A. HÜCRE YAPI VE CANLI OLAYLARININ YÖNETİMİ NASIL SAĞLANIR? GENETİK A. HÜCRE YAPI VE CANLI OLAYLARININ YÖNETİMİ NASIL SAĞLANIR?
1.DNA DENİLEN HÜCRELERDEKİ ÖZEL MOLÖKÜL NE İŞE YARAR DNA Hücredeki canlı olaylarını yönetir.Bunu protein sentezini yönlendirerek yapar. Bir başka görevi kalıtım ve çoğalmayı gerçekleştirmektir Kendini eşleyerek genetik bilgiyi hücreden hücreye aktarır
a. DNA MOLÖKÜLÜNÜN YAPISI NASILDIR Kromozonlar üzerinde yer alan çift iplikten oluşan DNA’lar canlıya ait has özelliklerini nesilden nesile aktarır. Çift iplikten oluşan DNA’nın yapısı, birbirine sarmal olarak kıvrılmış bir ip merdivene benzer. DNA organik bazdan deoksiriboz şekeri ve fosfat gurubundan oluşur. DNA ‘nın yapısını meydana getiren nükleotitler; organik bazlardan biri ile şeker ve fosfatın birleşmesiyle oluşur. DNA’nın iki ipliği zayıf hidrojen bağlarıyla birbirine bağlanır. Bağlanma sırasında adenin (A) tipinin (T) ile; guanin (G) de (C) ile eşlenir ( A = T,G = C )
b.DNA’NIN ÖZELLİKLERİNDEN BİRİSİDE KENDİNİ EŞLEMSİDİR Çekirdekte ve esasta nükleit asit oaln DNA hüçre bölünmesi sırasında kendini eşitler. DNA’nın kendini eşlemesi şöyle olur. DNA’nın sarmal yapısı bir ucunda açılırken, açılan ipliklerin karşısına uygun nükleotitler bağlanır Sarmal yapının çözülmesi ve nükleotitlerin bağlanması, DNA bütünüyle eşleninceye kadar devam eder. Sonuçta aynı genetik bilgide iki DNA oluşur. hücre bölünmeleri sırasında yavru hücrelere geçen bu DNA molekülleri, ana hücrelerin özelliklerini yeni hücrelere aktarmış olur. DNA molekülleri eşlenirken ana iki zincir korunur. Bu iki zincirin karşısına gelecek yeni zincirler, ortamsaki nükleotitlerden sentezlenir.

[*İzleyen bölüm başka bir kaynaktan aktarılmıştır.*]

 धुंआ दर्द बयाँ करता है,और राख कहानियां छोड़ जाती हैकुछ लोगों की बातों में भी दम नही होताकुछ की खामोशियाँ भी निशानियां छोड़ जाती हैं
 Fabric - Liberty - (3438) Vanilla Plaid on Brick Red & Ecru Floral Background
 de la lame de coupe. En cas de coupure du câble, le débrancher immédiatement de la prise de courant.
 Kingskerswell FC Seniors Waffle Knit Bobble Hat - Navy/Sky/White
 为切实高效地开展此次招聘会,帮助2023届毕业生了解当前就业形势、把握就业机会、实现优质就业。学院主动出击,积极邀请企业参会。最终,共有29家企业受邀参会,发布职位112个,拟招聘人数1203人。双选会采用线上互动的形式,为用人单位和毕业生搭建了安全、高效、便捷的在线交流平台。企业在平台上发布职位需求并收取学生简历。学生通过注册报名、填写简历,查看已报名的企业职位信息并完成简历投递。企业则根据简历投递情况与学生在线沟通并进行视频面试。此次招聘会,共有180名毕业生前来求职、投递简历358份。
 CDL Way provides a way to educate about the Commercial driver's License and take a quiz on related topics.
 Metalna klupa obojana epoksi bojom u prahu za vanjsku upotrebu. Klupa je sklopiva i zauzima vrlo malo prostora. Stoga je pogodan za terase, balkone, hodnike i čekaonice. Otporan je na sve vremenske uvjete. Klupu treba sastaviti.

2. HÜCREDE DİĞER YÖNETİCİ MOLEKÜL RNA RNA Tek iplikten oluşmuştur. Hem Sitoplazmada hem de çekirdekte bulunur. RNA’nın yapısında organik baz, Ripoz şekeri ve fosfat grubun bulunur. Üç çeşit RNA vardır. Bunlar m(RNA),+(RNA) ve r(RNA) olarak bilinir. Bütün RNA ların ortak görevi protein sentezini gerçekleştirmektir. RNA’nın yapısında bulunan organik bazlar; adenin (A)guanin (G), sitozin (C) ve urasil (U) dir.
DNA İLE RNA ARASINDAKİ AYRILIKLAR Çift iplikten oluşur. Çekirdekte, kromozonlarda bulunur. Kendin eşleyebilir Canlıya özgü kalıtım bilgileri taşır. Bünyesinde deoksiriboz şekeri vardır. Organik bazlardan “urasil” yoktur.

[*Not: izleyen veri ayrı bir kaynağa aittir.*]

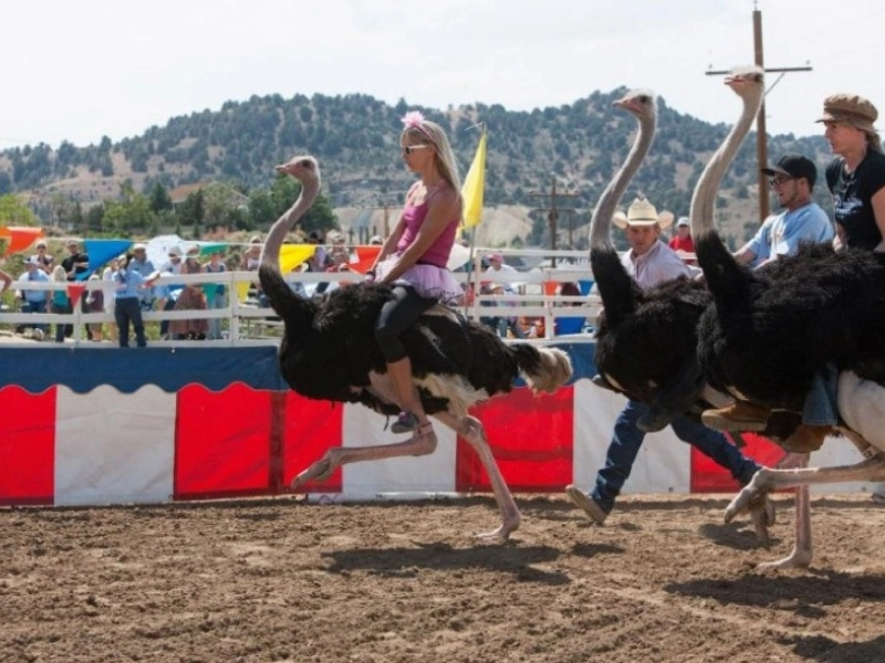 Straußenrennen: Rasante Fahrten auf gigantischen Vögeln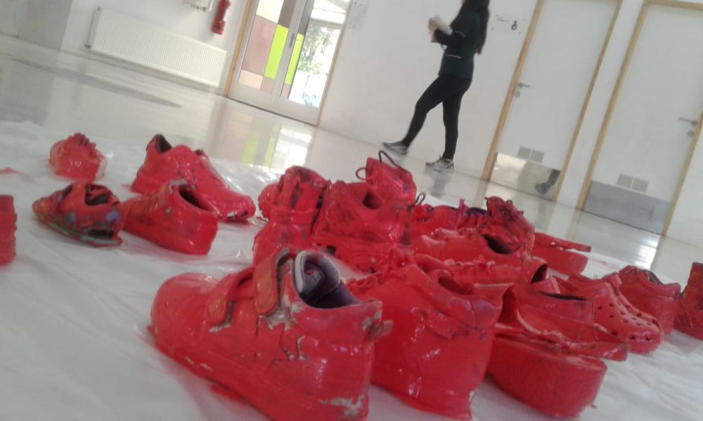 La puesta en escena consiste en la instalación de zapatos rojos de mujer, que han sido donados por la comunidad y que en su pintado han colaborados niñas y niños de los jardines infantiles Laguna Azul, Caperucita Roja, Bambi y Juan Ruiz Mancilla. La instalación, que sumará más de 100 pares de calzados, pretende convertirse en un llamado de atención respecto de los casos de feminicidio aludiendo a la ausencia de aquellas víctimas.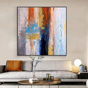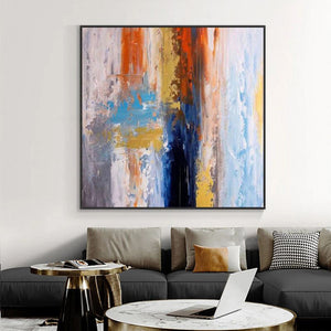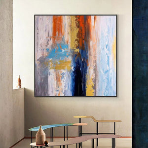 This painting flows like a dream, with bold colors cascading into layers of texture and harmony. The bold palette of blues, oranges, and yellows creates a lively energy that’s perfect for sparking inspiration in any room.

RNA Tek iplikten oluşur Çekirdekte ve sitoplazmada bulunur Kendin eşleyemez, DNA’dan sentezlenir. Protein sentezini gerçekleştirir. Yapısında ripoz şekeri vardır. Organik bazlardan “timin” yoktur.
B. DÜNYADA BENZERSİZ OLDUĞUNU BİLİYOR MUSUNUZ?
1. SENİ SEN YAPAN DNA MOLEKÜLÜ DNA zincirindeki nükleotitlerin sıralanışı canlıda farklıdır. Bu farklı dizilişten dolayı deyişik genler ve değişik kromozonlar oluşturur a. DNA-GEN-KROMOZOM Kromozomlar üzerinde buluna genler, en küçük katılım birimleri olup DNA’lardan oluşur. Hücre ile ilgili bilgiler DNA’ da kodlanmıştır. Kromozonların sayısı her tür için sahiptir. Canlıların büyümesi, gelişmesi kromozomlardaki genlerin durumuna bağlıdır. Kromozomların yapısına bakıldığında protein bir kılıf ve bu kılıf içindeki bir çift kromotitten oluştuğu görülür. Kromozomlardaki birinci boğum olan sentromer, kromozomların bölünme anında iğ ipliklerine tutmasına yardımcı olur. Kromozomların kimyasal yapılarına bakıldığında DNA, RNA ve proteinlerden oluştuğu görülür.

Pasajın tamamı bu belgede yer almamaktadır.